Step One: Find A Promising Stock
We did that with AST SpaceMobile (ASTS 3.54%↑) in August. As I wrote back then, the main attraction for us was that the stock had appeared in our system’s top names:
For the benefit of new readers: we have 6-month return data for 113 weekly top ten names cohorts, and, on average, they’ve outperformed the market-tracking SPDR S&P 500 Trust (SPY 0.29%↑), +16.10% versus +9.09%, over the next 6 months. Returns can be lumpy, but there’s real alpha here.
The average outperformance of our top ten names has widened in the seven weeks since, to +18.56% versus 9.61% for SPY 0.00%↑ over the next 6 months. You can see the 6-month performance of our top ten names from April 11th below.
The other reason ASTS looked promising to us is it was in a hot industry—space—but more on the commercial side. At the time we placed this trade, defense space names had cooled off a bit in the wake of President Trump’s summit with President Putin in Alaska.
Step Two: Find A Promising Trade Setup
Since options were expensive on ASTS, we used that to our advantage by harvesting high implied volatility on the way in. Our trade was a combo expiring on November 21st, consisting of these four legs:
Buying the $50 strike call,
Selling the $65 strike call,
Selling the $50 strike put, and
Buying the $47 strike put,
For a net debit of $2.80 or less. The max gain per contract on that structure was $1,220, the max loss loss $580, and the break even was with ASTS at $52.80. That trade filled for us at $2.70, so our prospects were a little better than that going in.
Step Three: Set Exit Orders
One of Stephen Covey’s famous seven habits of highly successful people was “Begin with the end in mind”. We do that with all of our options trades, setting GTC (Good ‘till Cancelled) exit orders immediately after we enter. These were our exit orders on our ASTS trade:
ASTS Call spread (legs 1 & 2): open a GTC order to exit at a net credit of $12.

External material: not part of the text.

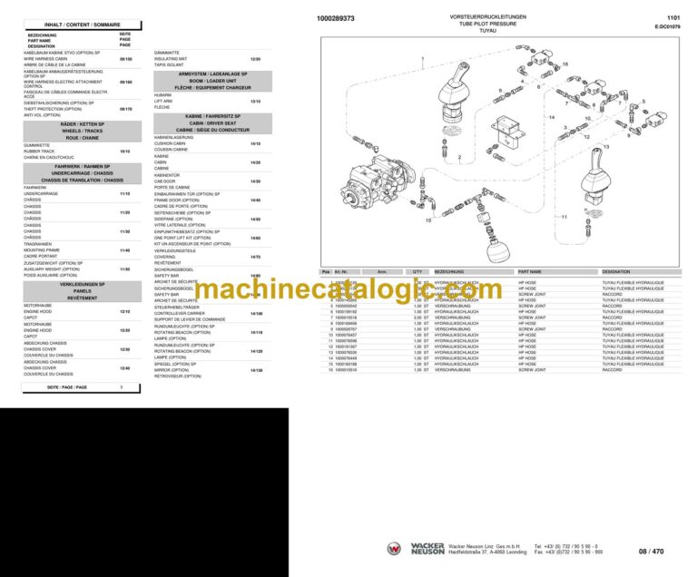 Wacker Neuson 1101C, 1101CP Skid Steer Loader Index:

ASTS Put spread (legs 3 & 4): open a GTC order to exit at a net debit of $0.20.
Step Four: Profit
Those exit orders filled automatically last week and this week:
4-leg combo on AST SpaceMobile (ASTS 5.04%↑). Entered at a net debit of $2.70 on 8/27/2025; exited the call spread at a net credit of $12 on 10/8/2025; exited the put spread at a net debit of $0.20 on 10/13/2025. Profit: 337%.1
On premium outlay; return on max risk = 160%.
Had they not filled automatically by expiration next month, we would have adjusted our prices on them.
These sorts of trades don’t always work, of course, but when they don’t work, your downside is strictly limited (in this case, to less than $600 per contract). We document all of our exits in an “Exits” post at the end of the week, and in this spreadsheet.